Para um melhor entendimento da matéria sobre liberdades e direitos


subjetivos, vimos que a privacidade detém um valor intrínseco com
forte imbricação com a dignidade da pessoa humana, haja vista a sua
essencialidade para o desenvolvimento da personalidade e para o desfrutar
de outros direitos.

Também estudamos que a liberdade religiosa fundamenta a liberdade


do indivíduo em crer ou não crer em algo, ou mesmo de abster-se de
inserir em sua vida qualquer conotação religiosa. Nesse sentido, vimos que
o Estado laico insere a não imposição de uma religião a um povo, não
adotando nenhum credo ou crença, e também não impondo nenhuma
religião oficial.

Quanto à liberdade de expressão, ao abrigar o direito da livre


manifestação, vimos que se impõe limites, pois da mesma forma que existe
o direito à informação e à livre expressão, existe também o direito de
resposta e do direito de retificação.

Nesse sentido, tivemos a oportunidade de estudar o Pacto de San José da


Costa Rica que dispõe sobre o direito de retificação ou de resposta no art. 14.

111
Unidade II

Tal é a relevância da liberdade de informação e de expressão que a ONU


afirma que o acesso à informação é um direito fundamental. A legislação
brasileira referendou esta afirmação. Para que os cidadãos compreendam
as obrigações dos Estados sobre o fornecimento de dados, o Programa das
Nações Unidas para o desenvolvimento (PNUD) e a Secretaria de Direitos
Humanos da Presidência da República junto com a Controladoria Geral da
União promoveram, em 2013, o Fórum Mundial de Direitos Humanos, em
Brasília (BRASIL, 2013).

Sob uma perspectiva social de Direitos Humanos aprendemos que sem


educação não há que se falar em Direitos Humanos, pois o conhecimento,
ao propiciar o pleno desenvolvimento da personalidade humana, fortalece
o respeito aos Direitos Humanos e às liberdades fundamentais.

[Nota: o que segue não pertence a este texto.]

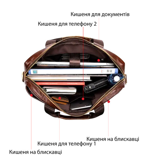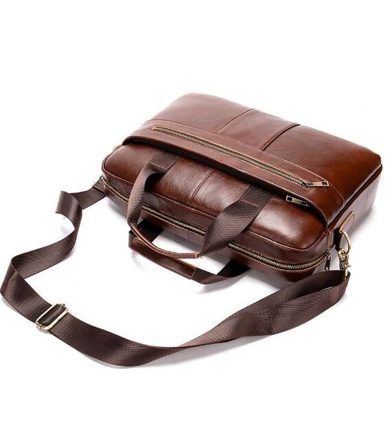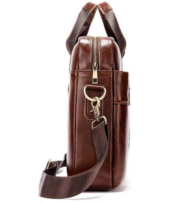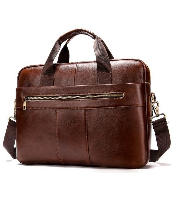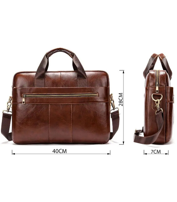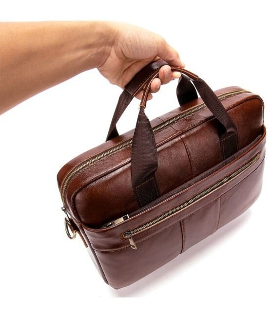 Деловая мужская сумка из натуральной кожи в классическом дизайне. Аксессуар можно носить как в руках с помощью ручек так и на плече есть съемный текстильный ремешок. Модель дополнена металлической фурнитурой золотистого цвета. По краям аксессуар прошит рыжей нитью. Вы должны понимать, что немного переплатив за кожану сумку вы выиграете в том, что она прослужит вам намного дольше чем текстильные или из заменителя. Аксессуар удобно держать в руке. Сумка не тяжелая и имеет огромный функционал. В ней вам будет удобно носить документы или планшет или книгу. В сумку легко поместится ноутбук и она будет вам прекрасным помощником на деловых встречах или собраниях. С такой сумкой будет удобно ездить в командировки или мелкие путешествия. Она подчеркнет ваш статус и чувство стиля. Сумка будет желанным подарком для любого мужчины. Аксессуар упакован в тканевой мешок, что защищает его от пыли и влаги во время того как вы его не используете.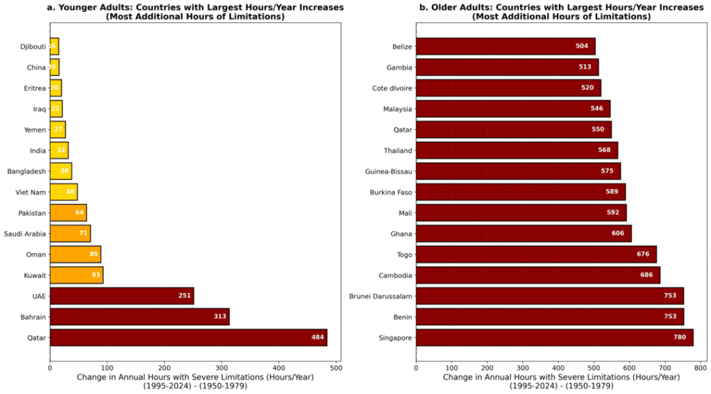Los impactos son más severos para las personas mayores. En promedio, las personas mayores de 65 años ahora experimentan alrededor de 900 horas al año —más de un mes de horas diurnas— en las que el calor limita gravemente la actividad segura al aire libre, en comparación con 600 horas en 1950. Para los adultos jóvenes, esa cifra aumentó de 25 a 50 horas en el mismo período. En algunas regiones tropicales y subtropicales, el calor restringe la actividad al aire libre de las personas mayores durante entre una cuarta parte y un tercio del año.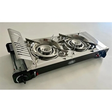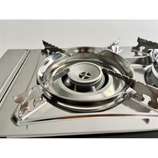 De 2 brännarna (2x 2,2 kW) i patrongasspisen kan drivas oberoende av varandra, eftersom var och en använder en separat gaspatron. Kaminen levereras i etui. Olika tillbehör finns separat, t.ex. brödrosttillbehör, grillplatta, grillpanna.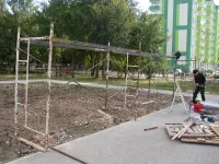 Рядом на территории мастера готовят флагштоки, которые установят справа от входа.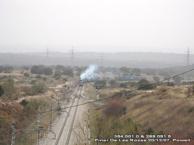 | Una imagen curiosa: la 354-008 hace un traslado de material Talgo III. Era el año 2006 y la imagen está tomada en Pinar de las Rozas (Foto: I. Martín) |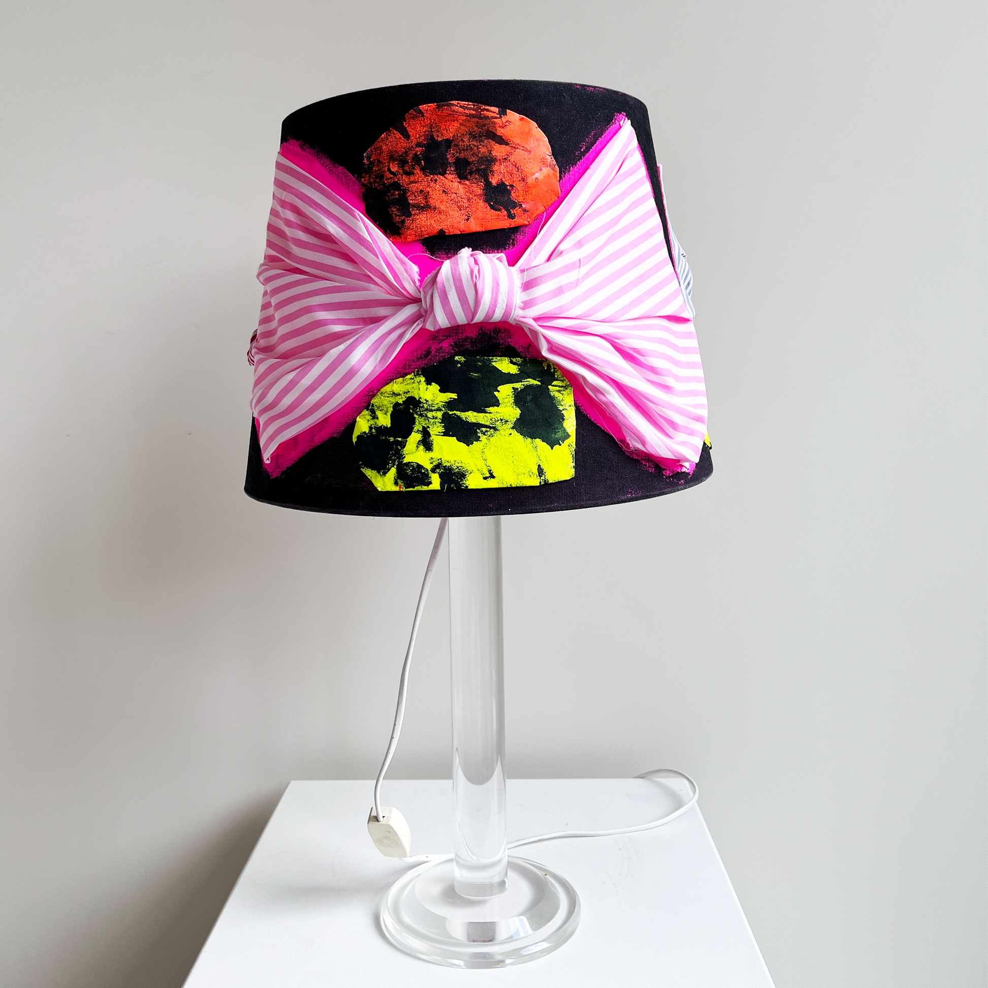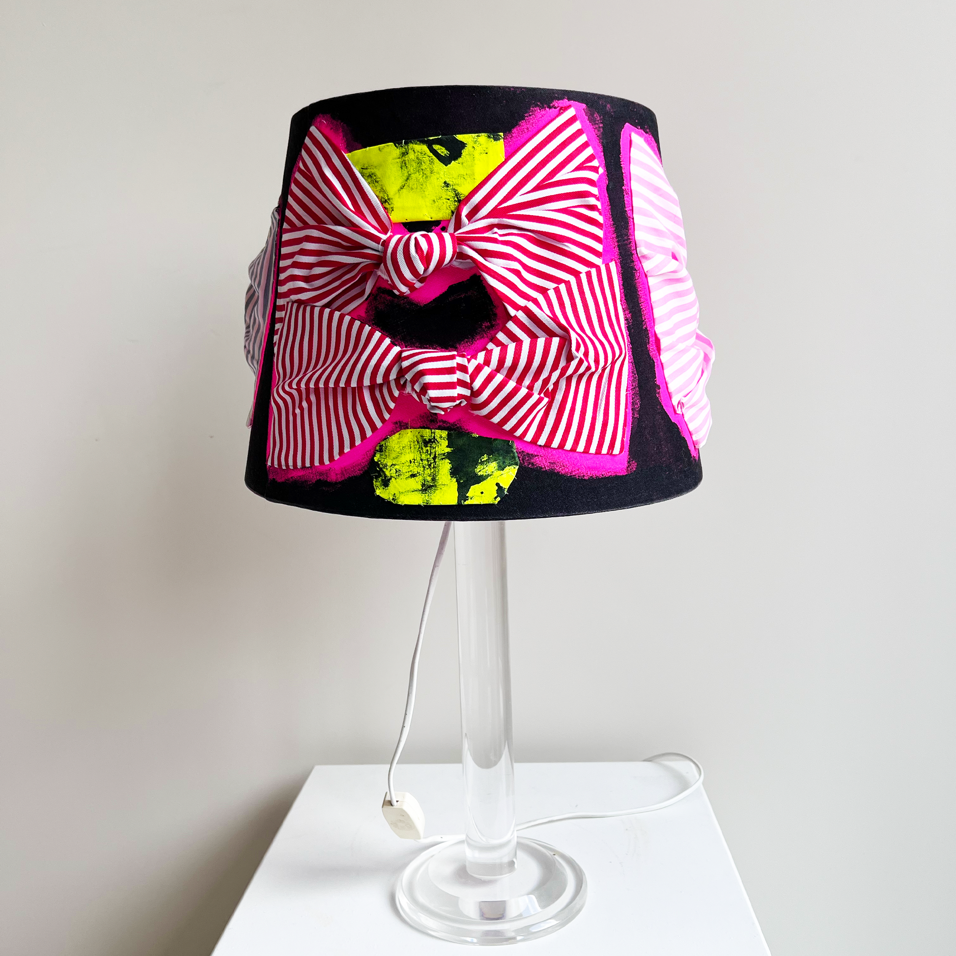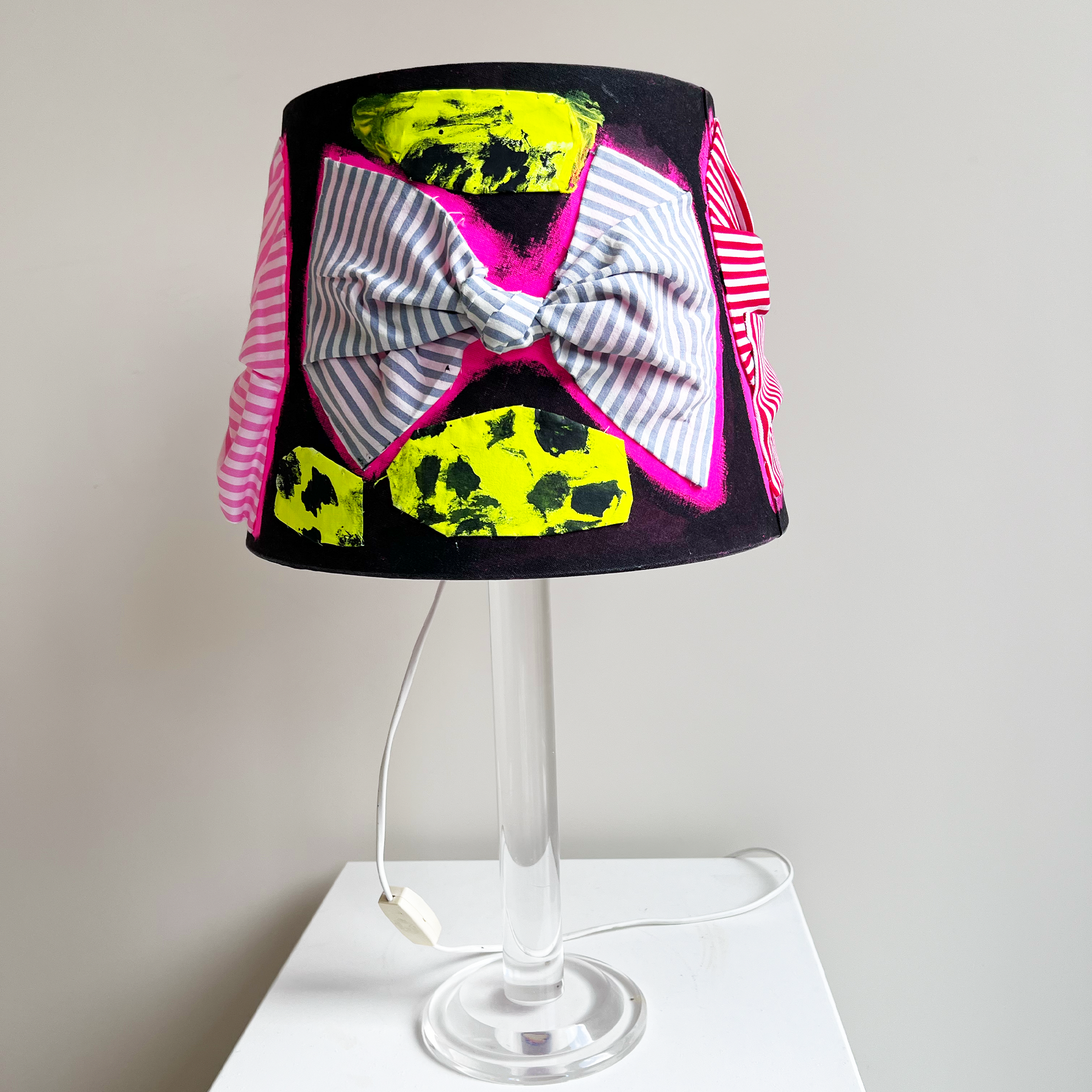 Black lampshade decorated with fluorescent accents and striped bows, all applied by applique technique.

Nesse sentido, estudamos os documentos internacionais que versam


sobre esses direitos e os expedientes que promovem a educação inclusiva
e de qualidade.

No âmbito dos direitos sociais, incluímos em nossos estudos a saúde e


as políticas públicas de promoção de direitos. Também vimos as políticas
públicas de incentivo e de proteção ao trabalho. Neste entendimento,
verificamos que tanto a saúde quanto o trabalho permeiam a esfera de
evolução humana.

Na concepção universalista dos direitos sociais repousa a certeza de


que a história da humanidade demonstra que o ser humano é o titular dos
direitos a exigir a sua universalidade.

Por fim, encerra-se esta Unidade no entendimento de que esses direitos


são acionáveis tanto no âmbito individual quanto na esfera coletiva. Dessa
forma, as Constituições democráticas reconheceram que é de rigor que
esses direitos sejam considerados como vitais em sua essência.